Diagonal 1 : Starting Point =(0, 0)
Elements = {1, 1, 1}
All the elements are the same, so continue.
Diagonal 2 : Starting Point =(1, 0)
Elements = {5, 5}
All the elements are the same, so continue.
Diagonal 3 : Starting Point =(2, 0)
Elements = {9}
All the elements are the same, so continue.

All the diagonals have the same element, so the given matrix is Toeplitz.

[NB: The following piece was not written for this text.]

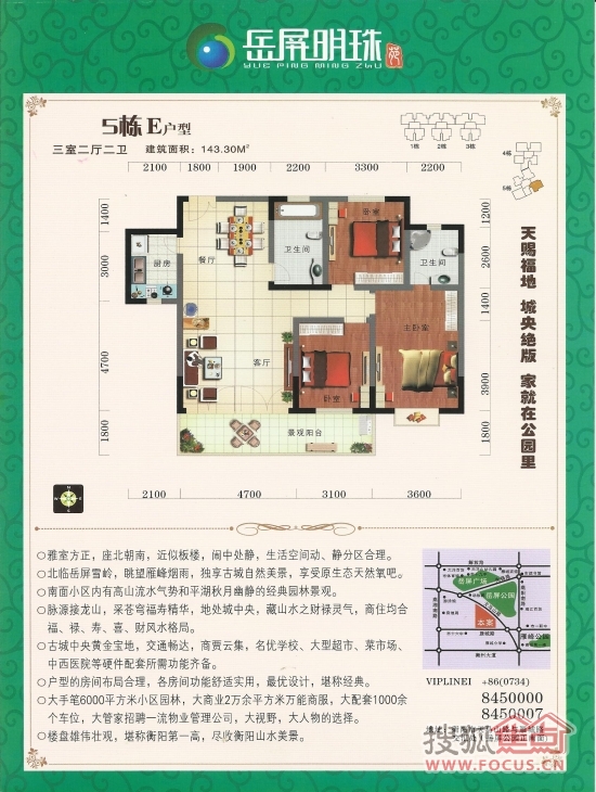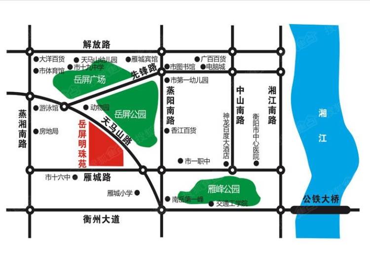 项目位于衡阳市雁峰区72号街区,南临街道32米宽的雁城路,北临街道45米宽的新雁城路(天马山南路),东临27米宽的天马山南路南端,西临金属物资回收公司,小区位于衡阳市独秀具有千年历史文化底蕴、市区少有古老的自然风景区-----岳屏公园,背靠南岳七十二峰排名前列峰的自然景观-----廻雁峰。

JAVA Code for Toeplitz Matrix

public class ToeplitzMatrix {
    private static boolean isToeplitz(int[][] matrix) {
        boolean ans = true;
        int n = matrix.length;
        int m = matrix[0].length;
        
        // First row diagonals
        for (int i = 0; i < m; i++) {
            int x = 0, y = i;
            int curr = matrix[x][y];
            x++; y++;
            while (x < n && y < m) {
                // If any element is not same, this can't be a toeplitz matrix
                if (matrix[x][y] != curr) {
                    ans = false;
                    break;
                }
                // Increment row and column by 1
                x++; y++;
            }
            if (!ans)
                break;
        }

        // First column diagonals
        for (int i = 1; i < n; i++) {
            int x = i, y = 0;
            int curr = matrix[x][y];
            x++; y++;
            while (x < n && y < m) {
                // If any element is not same, this can't be a toeplitz matrix
                if (matrix[x][y] != curr) {
                    ans = false;
                    break;
                }
                // Increment row and column by 1
                x++; y++;
            }
            if (!ans)
                break;
        }

        return ans;
    }

    public static void main(String[] args) {
        // Example 1
        int[][] matrix = new int[][] {
                {1, 2, 3, 4},
                {5, 1, 2, 3},
                {9, 5, 1, 2}};
        System.out.println(isToeplitz(matrix));

        // Example 2
        int[][] matrix2 = new int[][] {
                {1, 2},
                {2, 2}
        };
        System.out.println(isToeplitz(matrix2));
    }
}

C++ Code for Toeplitz Matrix

#include<bits/stdc++.h> 
using namespace std;

int matrix[4][4];

bool isToeplitz(int n, int m) {
    bool ans = true;

    // First row diagonals
    for (int i = 0; i < m; i++) {
        int x = 0, y = i;
        int curr = matrix[x][y];
        x++; y++;
        while (x < n && y < m) {
            // If any element is not same, this can't be a toeplitz matrix
            if (matrix[x][y] != curr) {
                ans = false;
                break;
            }
            // Increment row and column by 1
            x++; y++;
        }
        if (!ans)
            break;
    }

    // First column diagonals
    for (int i = 1; i < n; i++) {
        int x = i, y = 0;
        int curr = matrix[x][y];
        x++; y++;
        while (x < n && y < m) {
            // If any element is not same, this can't be a toeplitz matrix
            if (matrix[x][y] != curr) {
                ans = false;
                break;
            }
            // Increment row and column by 1
            x++; y++;
        }
        if (!ans)
            break;
    }

    return ans;
}

int main() {
    // Example 1
    matrix[0][0] = 1;
    matrix[0][1] = 2;
    matrix[0][2] = 3;
    matrix[0][3] = 4;
    matrix[1][0] = 5;
    matrix[1][1] = 1;
    matrix[1][2] = 2;
    matrix[1][3] = 3;
    matrix[2][0] = 9;
    matrix[2][1] = 5;
    matrix[2][2] = 1;
    matrix[2][3] = 2;
    if (isToeplitz(3, 4)) {
        cout<<"true"<<endl;
    } else {
        cout<<"false"<<endl;
    }
    
    // Example 2
    matrix[0][0] = 1;
    matrix[0][1] = 2;
    matrix[1][0] = 2;
    matrix[1][1] = 2;
    if (isToeplitz(2, 2)) {
        cout<<"true"<<endl;
    } else {
        cout<<"false"<<endl;
    }
    
    return 0;
}
true
false

Complexity Analysis

Time Complexity = O(m * n)
Space Complexity = O(1) 
where m and n are the number of rows and columns in the 2D matrix.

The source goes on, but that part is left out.